3. The precision seven-roll calendering equipment according to claim 1, characterized in that, It also includes needle roller assemblies, all of which are mounted on the main frame and are located between the bearing housing and the annular frame.

4. The precision seven-roll calendering equipment according to claim 3, characterized in that, The needle roller assembly is divided into an upper needle roller assembly and a lower needle roller assembly; The upper needle roller assembly includes a roller rolling block, a slide plate positioning plate, and a rolling block mounting plate; two slide plate positioning plates are provided, and the rolling block mounting plate is located between the two slide plate positioning plates; the roller rolling block is mounted on the rolling block mounting plate; the slide plate positioning plate is bolted to the inner side of the top beam of the annular frame. The lower needle roller assembly includes a lower needle roller frame, a linear motion roller assembly, and a lower needle roller base plate; the lower needle roller frame is bolted to the inner side of the bottom beam of the annular frame; the lower needle roller base plate is mounted on the lower needle roller frame, and the linear motion roller assembly is mounted on the lower needle roller base plate.
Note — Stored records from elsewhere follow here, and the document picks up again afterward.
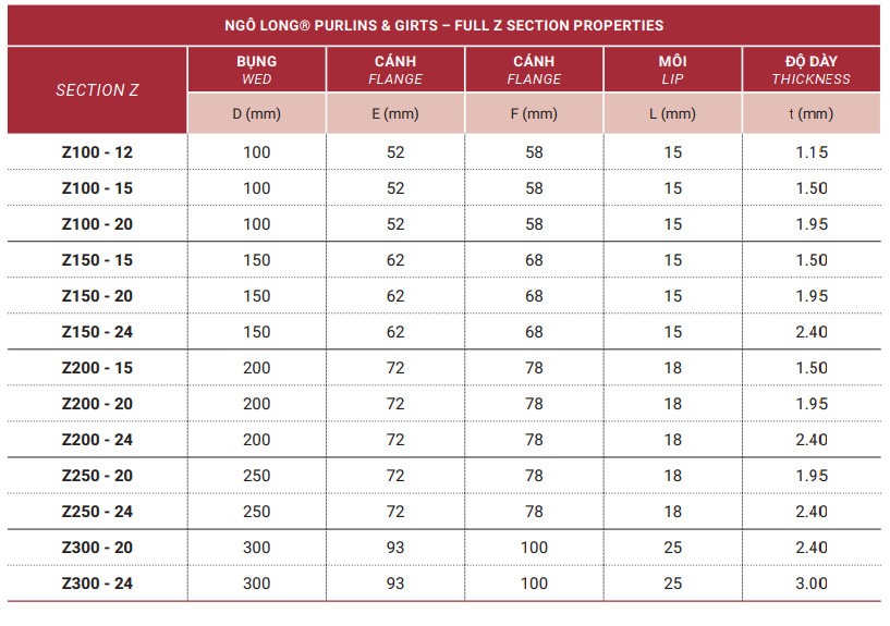 Các thuộc tính của phần sau đây có thể thay đổi do dung sai thương mại về kích thước (tuy nhiên, lưu ý rằng tổng vật liệu được sử dụng sẽ không thay đổi).Mọi thiết kế được thực hiện bằng cách sử dụng các thuộc tính này phải được tính toán bằng AS/NZS4600.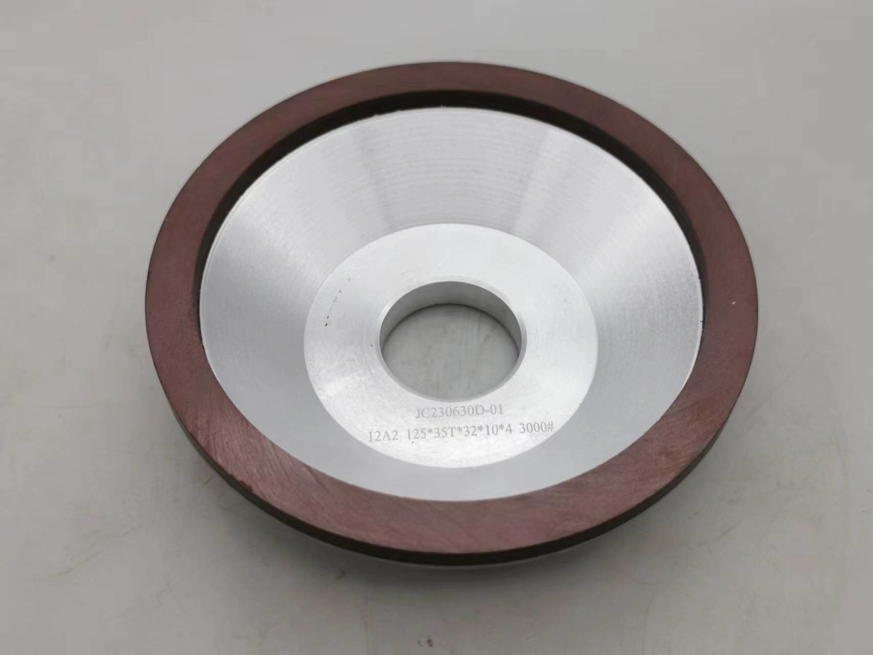 JC 12A2 Roda de molienda de fijación de resina, hecha en China. Tiene un cuerpo de aluminio con un agujero interior de 32, y un grosor de 35.Es perfectamente adecuado para aplicaciones de molienda de resina.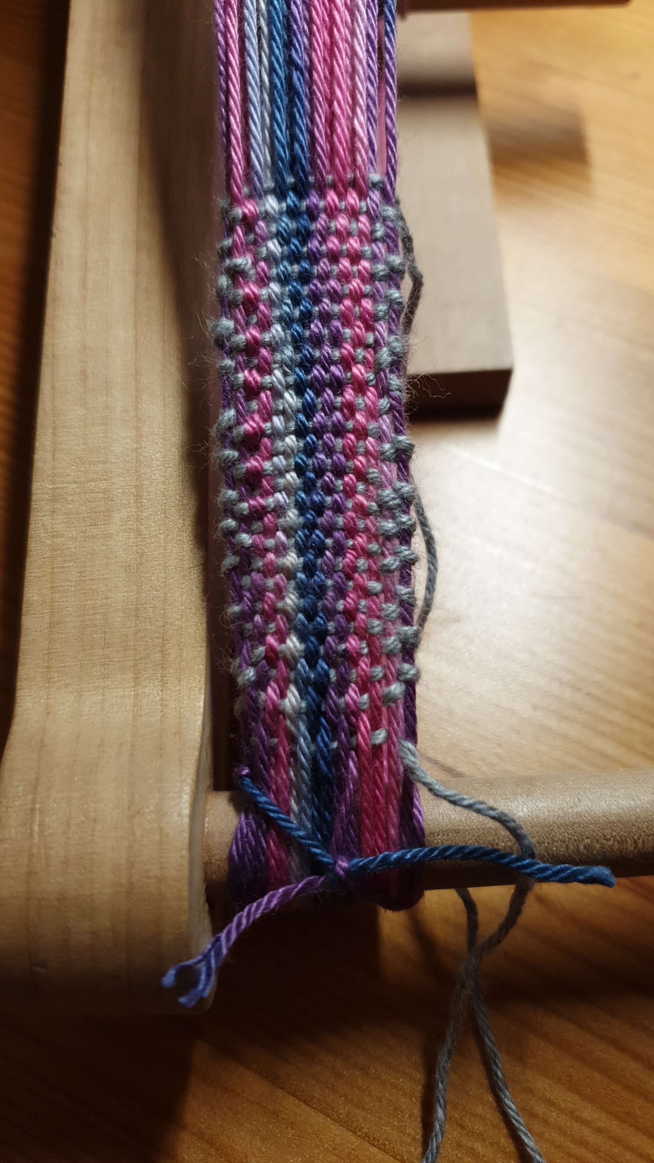 So back to my Inklette…You can hopefully see on the last photo that my tension and edges are getting better. This sort of loom gives you a warp faced woven item (the vertical threads showing). It is for making straps or belts or even some flat laces.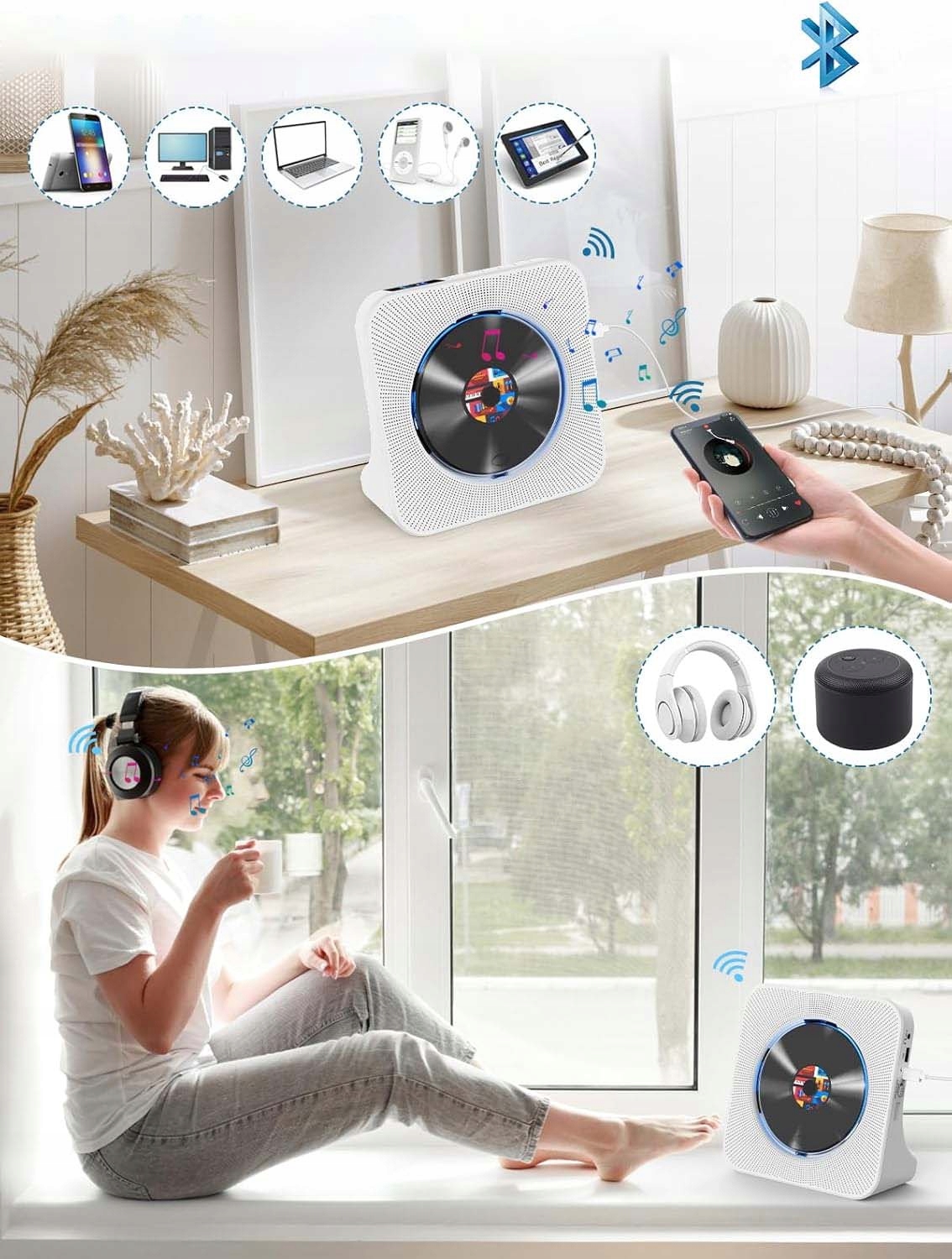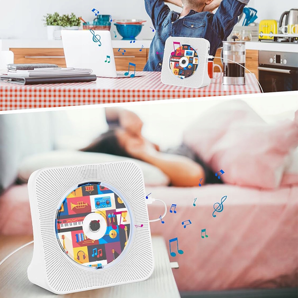 Настольный проигрыватель компакт-дисков можно подключить к другим устройствам с поддержкой Bluetooth (мобильному телефону/планшету/ноутбуку/airpods). Встроенные стереодинамики HI-FI проецируют звук и регулируют громкость по мере необходимости.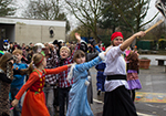 05.02.2016 - Karneval. Alle Jahre wieder steht in Wiescherhöfen die Schulwelt auf dem Kopf. Nichts geht mehr seinem normalen Gang. Statt lehrreicher Schulbücher gibt es schillerndes Konfetti, statt Hillikleidung tragen Kinder und Erwachsene funkelnde Kostüme. Nach einer klasseninternen Karnevalsfeier tanzen alle Schülerinnen und Schüler gemeinsam in einer Polonaise auf dem Schulhof.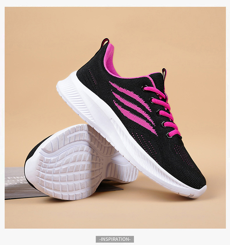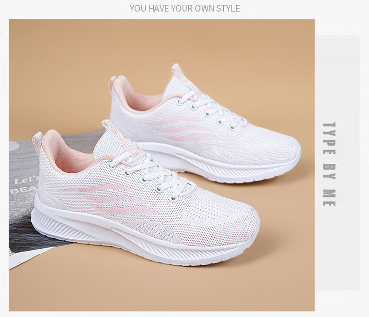2023 여름 새로운 통기성 플라이 짠 스포츠 신발 여성을위한 다목적 편안한 메쉬 플랫 바닥 경량 중공 운동화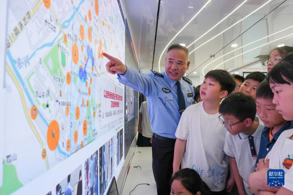 5月31日,在江蘇省丹陽市公安局,參加探訪警營活動的小學生們在參觀科技強警展車相關平臺。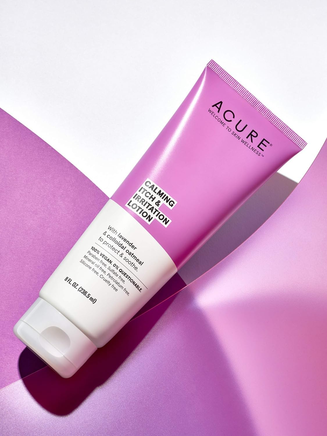 ACURE Calming Itch & Irritation Lotion - Moisturizing Lotion with Colloidal Oatmeal, Cocoa, Shea Butter Blend - Soothing Relief Cream with Lavender Aroma for Irritated Dry Skin - 100% Vegan - 8 Fl Oz,NOURISHING HYDRATION - Experience relief from dry, irritated skin with ACURE's Calming Itch & Irritation Lotion. Packed with the goodness of Colloidal Oatmeal, Cocoa, and Shea Butter, this gentle lotion ensures your skin stays moisturized, helping to soothe itching and discomfort,TOTAL SKIN PROTECTION - Don't just treat the symptoms; protect your skin from future irritation. Colloidal oatmeal, cocoa, and shea butter create a protective barrier, preventing further chafing, chapping, or cracking. Your skin deserves this shield,SOOTHING LAVENDER SCENT - Our moisturizer lotion isn't just about skincare; it's a sensory delight too! The calming lavender aroma soothes your skin and senses, providing a spa-like experience every time you apply it. Relaxation and skincare rolled into one, specially just for you!,ALL-IN-ONE GENTLE FORMULA - Embrace the all in one power of all natural plant-based extract formula with ACURE Calming Itch & Irritation Lotion. Say goodbye to dry, itchy skin and hello to a calm, radiant hydrate skin. Your skin deserves the best, and we've got you covered,CLEAN BEAUTY, CRUELTY-FREE - Feel good about what you're putting on your skin. ACURE's All Product is not only vegan and cruelty-free but also free from harmful ingredients like Parabens, Sulfates, Mineral Oil, Petrolatum, and Formaldehyde. Producing clean & safe beauty you can trust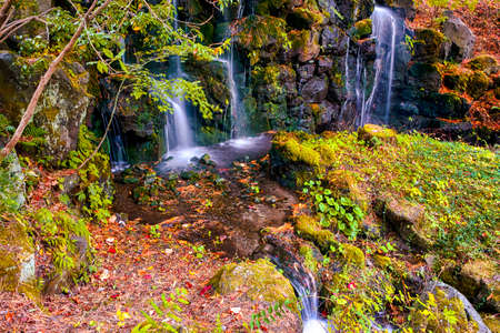 Japanese Travel Concepts. Scenery of Tranquil Multiple Waterfalls At Kawaguchiko Lake in Japan At Fall Season. Horizontal Shot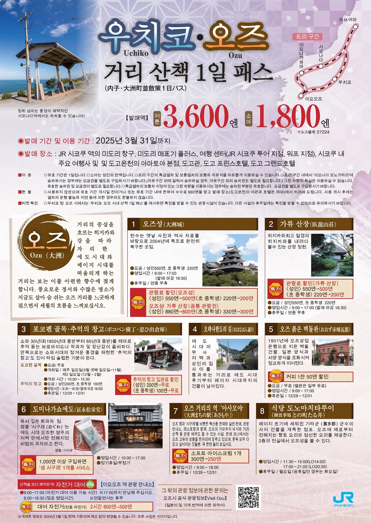 우치코 오즈 거리 산책 1일 패스(内子・大洲町並散策1日パス, 우치코 오즈 마치나미 산사쿠 이치니치 파스)인데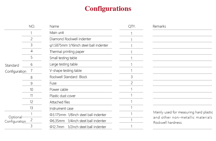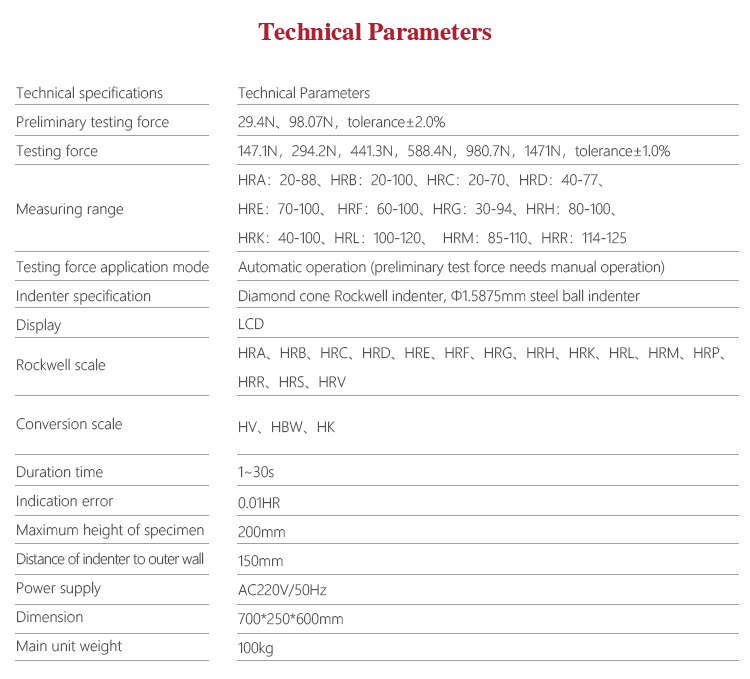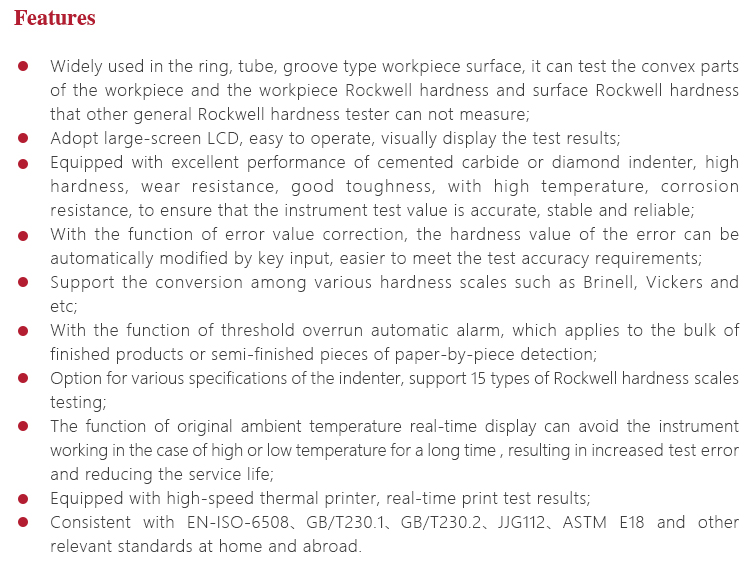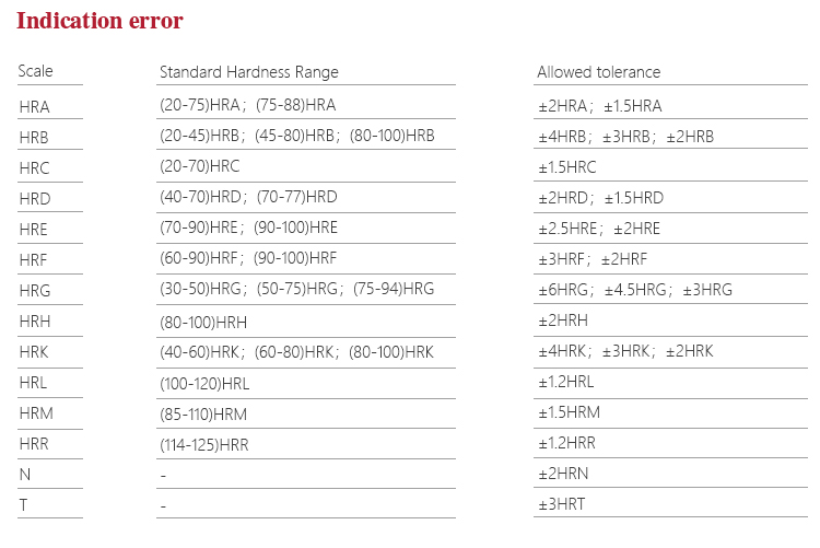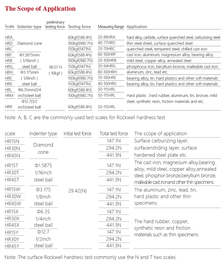 Measuring range HRA:20-88、HRB:20-100、HRC:20-70、HRD:40-77、 HRE:70-100、 HRF:60-100、HRG:30-94、HRH:80-100、HRK:40-100、HRL

5. A precision seven-roll calendering device according to claim 4, characterized in that, It also includes a ejector pin that passes through the top beam of the annular frame; the inner end of the ejector pin abuts against the top of the rolling block mounting plate in the upper needle roller assembly.

6. A precision seven-roll calendering device according to claim 4, characterized in that, Each bearing housing has an upper needle roller assembly on top and a lower needle roller assembly on the bottom.

7. A precision seven-roll calendering device according to claim 2, characterized in that, The cylinder mounting plate is also equipped with a belt sprocket connected to its bearing.

8. A precision seven-roll calendering device according to claim 1, characterized in that, The inner side of the side beam of the annular frame is also provided with a second servo hydraulic cylinder; the cylinder barrel of the second servo hydraulic cylinder is fixedly installed on the side beam, and the piston rod is installed on the bearing seat at the end.

9. A precision seven-roll calendering device according to claim 1, characterized in that, The outer side of the annular frame is provided with a baffle assembly; each bearing seat corresponds to two baffle assemblies; the bearing seat is located between two baffle assemblies; the baffle assembly includes a stop block and a cam bearing mounted on the stop block; the cam bearing abuts against the bearing seat.